Configuring the variables.tf file
#log in to https://portal.airbyte.com generate, save and populate the variable with an API key
variable "api_key" {
type = string
default = ""
}
#workspace_id is found in the url to the Airbyte Cloud account https://cloud.airbyte.com/workspaces/<workspace_id>/settings/dbt-cloud
variable "workspace_id" {
type = string
default = ""
}
#Google spreadsheet id and Google private key
variable "spreadsheet_id" {
type = string
default = ""
}
variable "google_private_key" {
type = string
default = ""
}
# Teradata Vantage connection credentials
variable "host" {
type = string
default = ""
}
variable "username" {
type = string
default = "demo_user"
}
variable "password" {
type = string
default = ""
}
Execution Commands
Run terraform init
pull down provider plugin from terraform provider page and initialize a working Terraform directory.

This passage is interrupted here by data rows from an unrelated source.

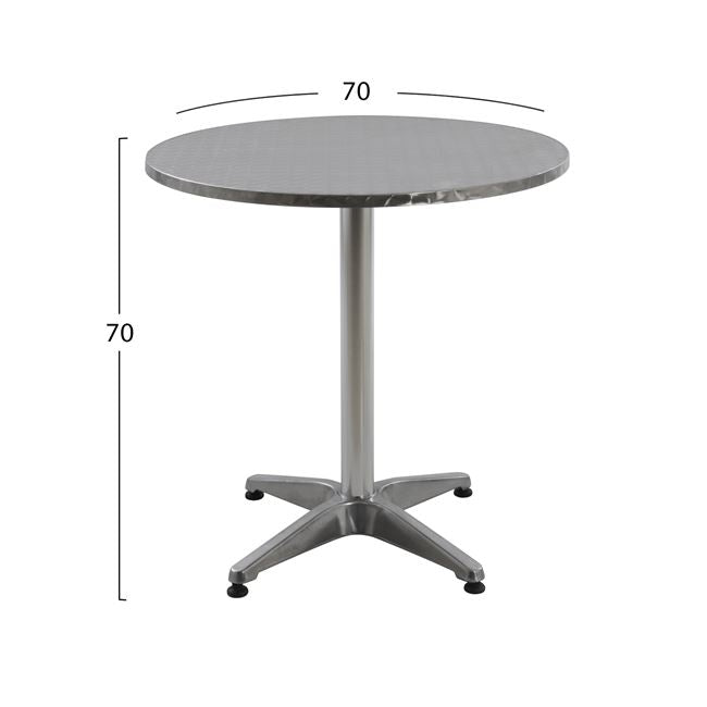 Кръгла маса FELIX, алуминий с 4 крака и Φ70 см диаметър на повърхността. Изработена е от алуминий и това я прави подходяща както за вътрешна, така и за външна употреба. С една повърхност, която покрива ръбовете. Размери: Φ70х70см. Размери на основата: Φ58x1.00mm дебелина Продуктът се предлага в разглобена опаковка, има инструкции за сглобяване в опаковката.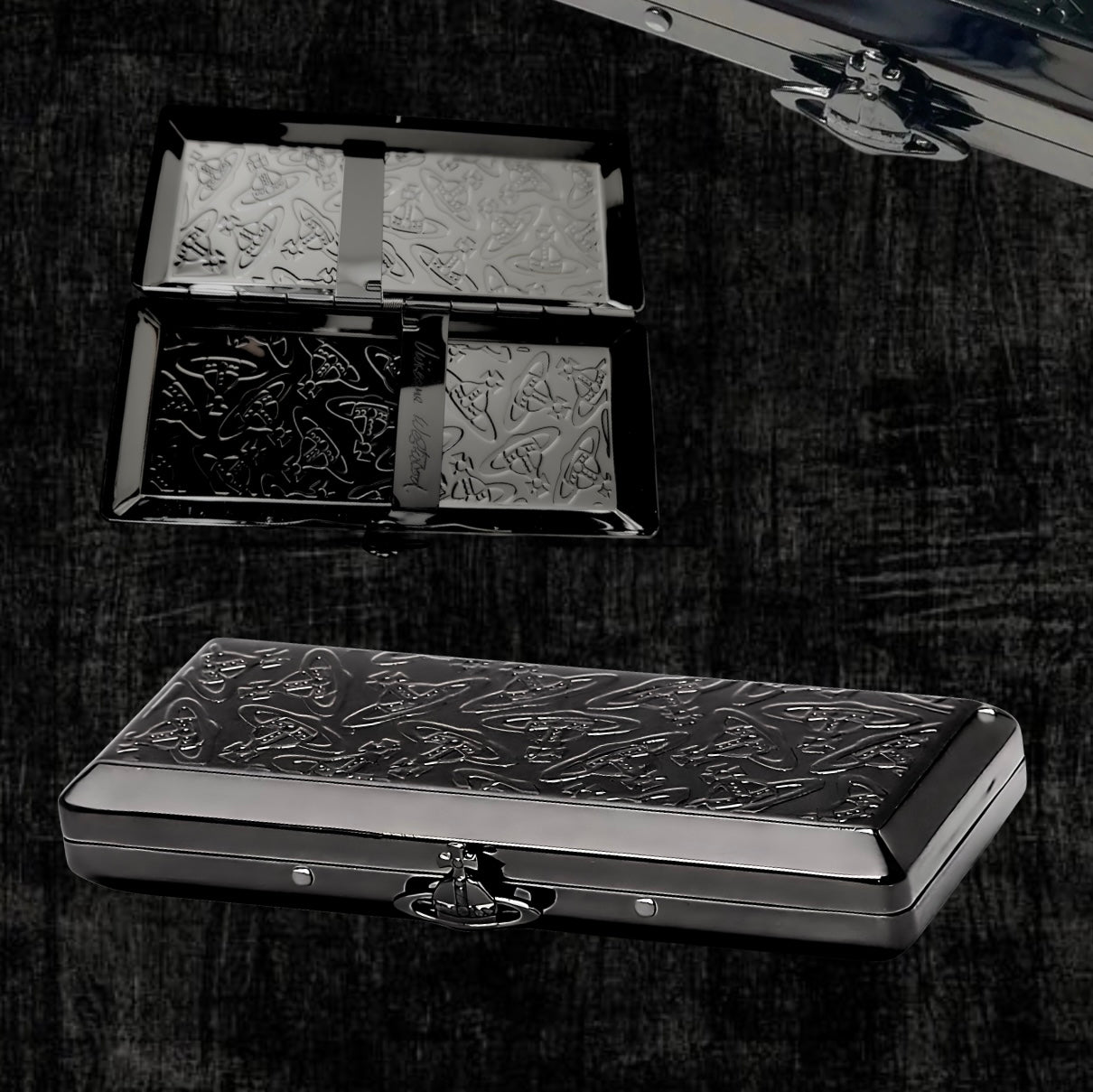 This Vivienne Westwood cigarette case is the perfect accessory. The sleek silver-tone finish is embossed throughout with Vivienne Westwood’s iconic Orb logo, giving it a bold yet refined look. Compact and functional, it’s perfect for carrying cigarettes, cards, or small essentials with style.
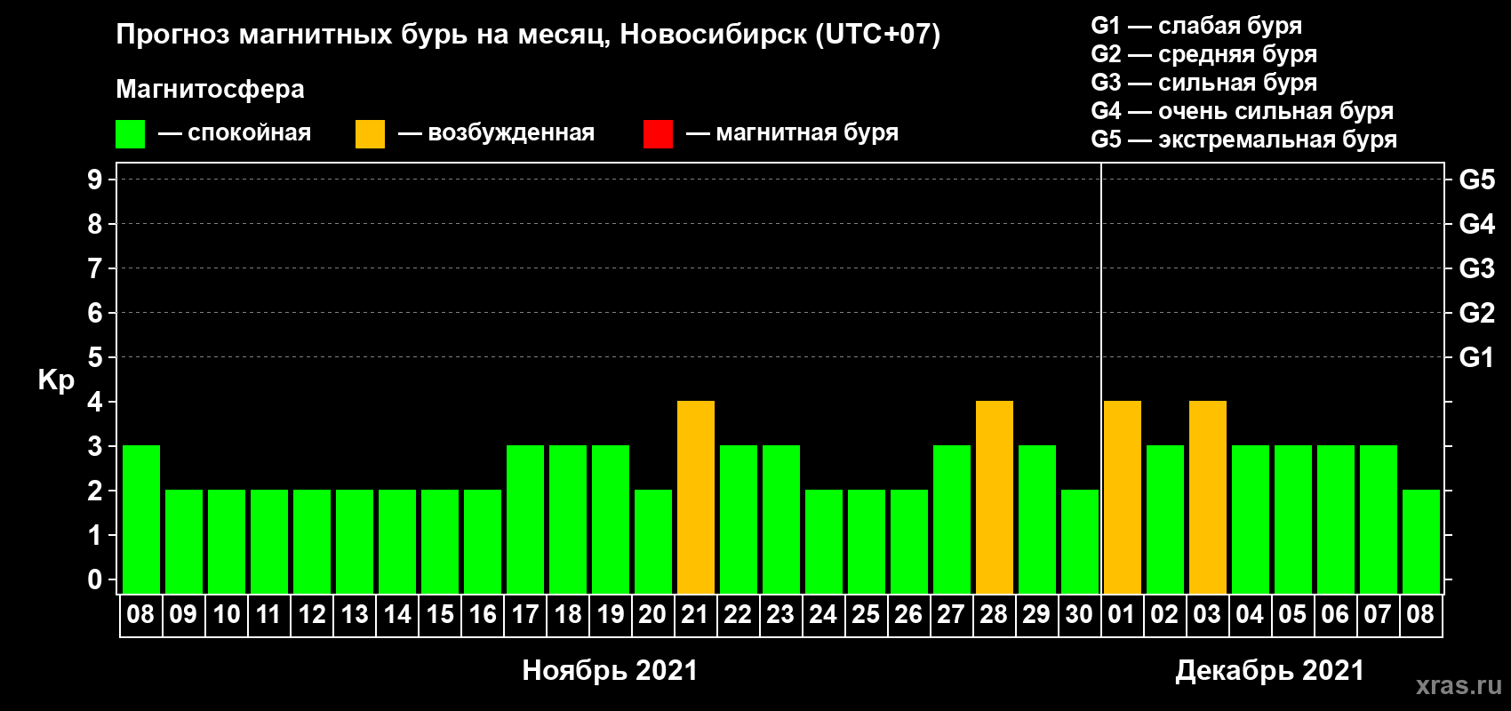 Прогноз магнитных бурь в Новосибирске — 8 ноября 2021 года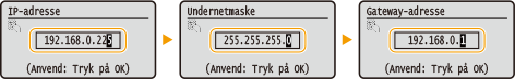 <Undernetmaske> <Gateway-adresse>.Angiv hver enkelt indstilling ved hjælp af taltasterne, og tryk på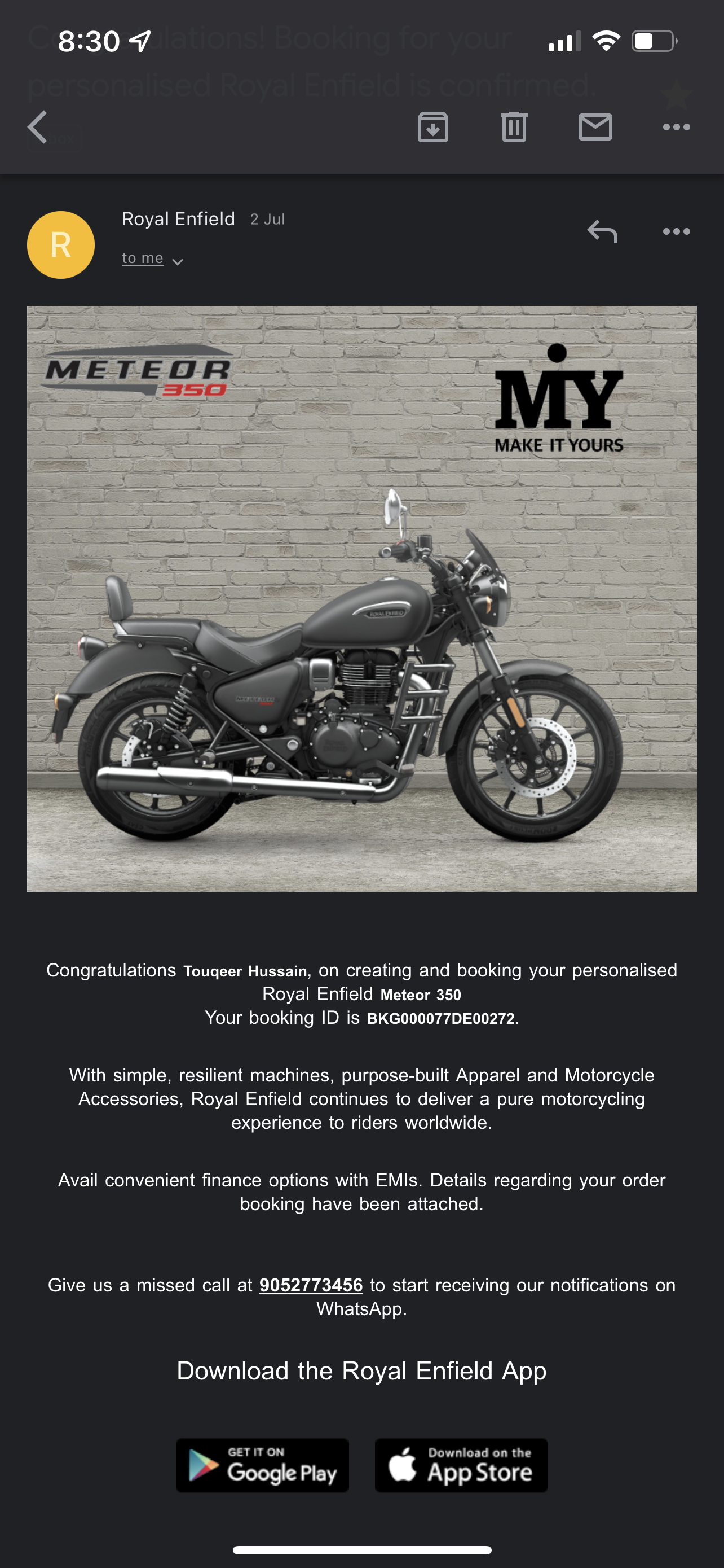 I booked a meteor 350 on 2nd july 2021 and since then i got no updates neither from the retailer nor from Royal Enfield support. Whenever i contact there support i get only one answer that “it will be delivered to you in 90 days”. There time period of 90 days is over now but still they are not delivering my motorcycle.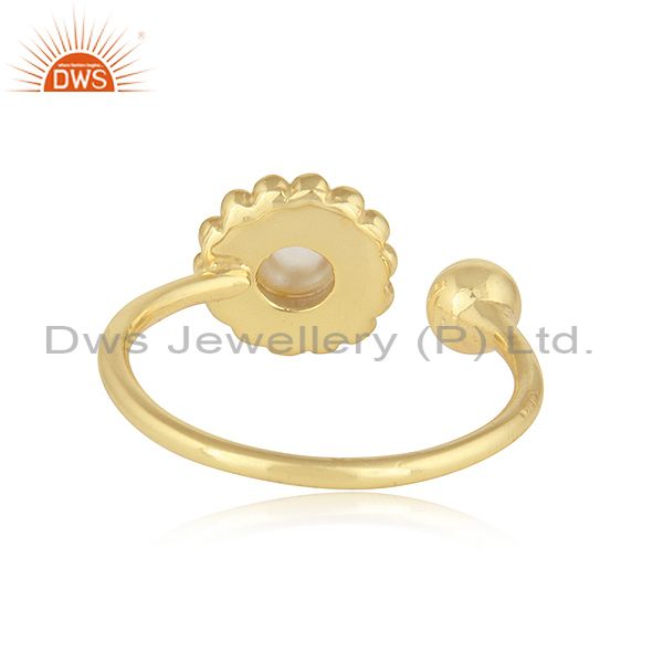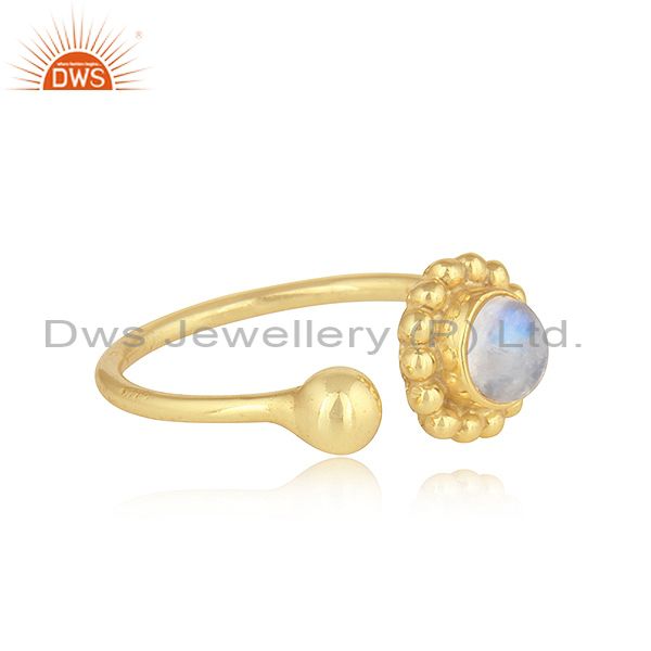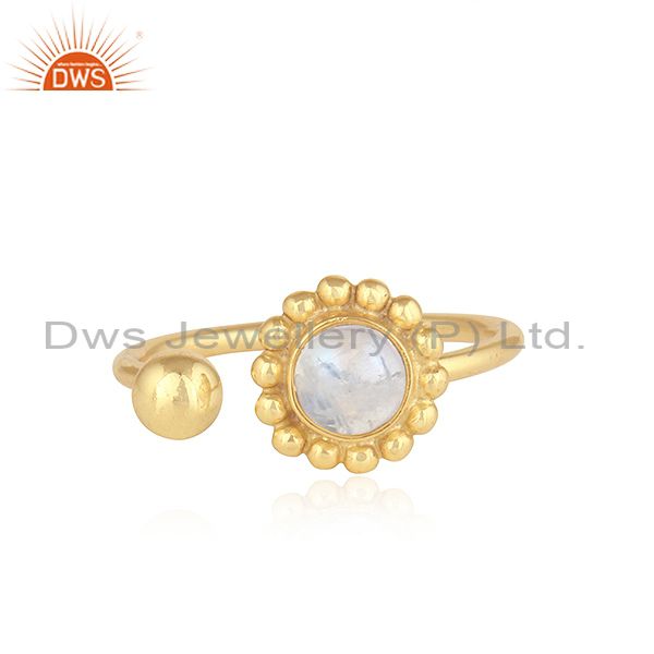 Rainbow Moonstone Womens Gold Plated 925 Silver Flower Design Rings

This command should only be run after writing a new Terraform configuration or cloning an existing one from version control.
Run terraform plan
to display the execution plan Terraform will use to create resource and make modifications to infrastructure.
For this example a plan for 3 new resources is created:
Connection: # airbyte_connection.googlesheets_teradata will be created
Destination: # airbyte_connection.googlesheets_teradata will be created
Source: # airbyte_source_google_sheets.my_source_gsheets will be created
Run terraform apply
and yes
to generate a plan and carry out the plan.
The terraform.tfstate
file is created after running terraform apply
for the first time. This file tracks the status of all sources, destinations, and connections managed by Terraform. For subsequent executions of Terraform apply
, Terraform compares the code in the main.tf
file with the code stored in the tfstate
file. If resources are added or removed in main.tf
, Terraform automatically updates both deployment and the .tfstate
file accordingly upon deployment. Do not modify this file by hand.
You now have a Source, Destination and Connection on Airbyte Cloud created and managed via Terraform.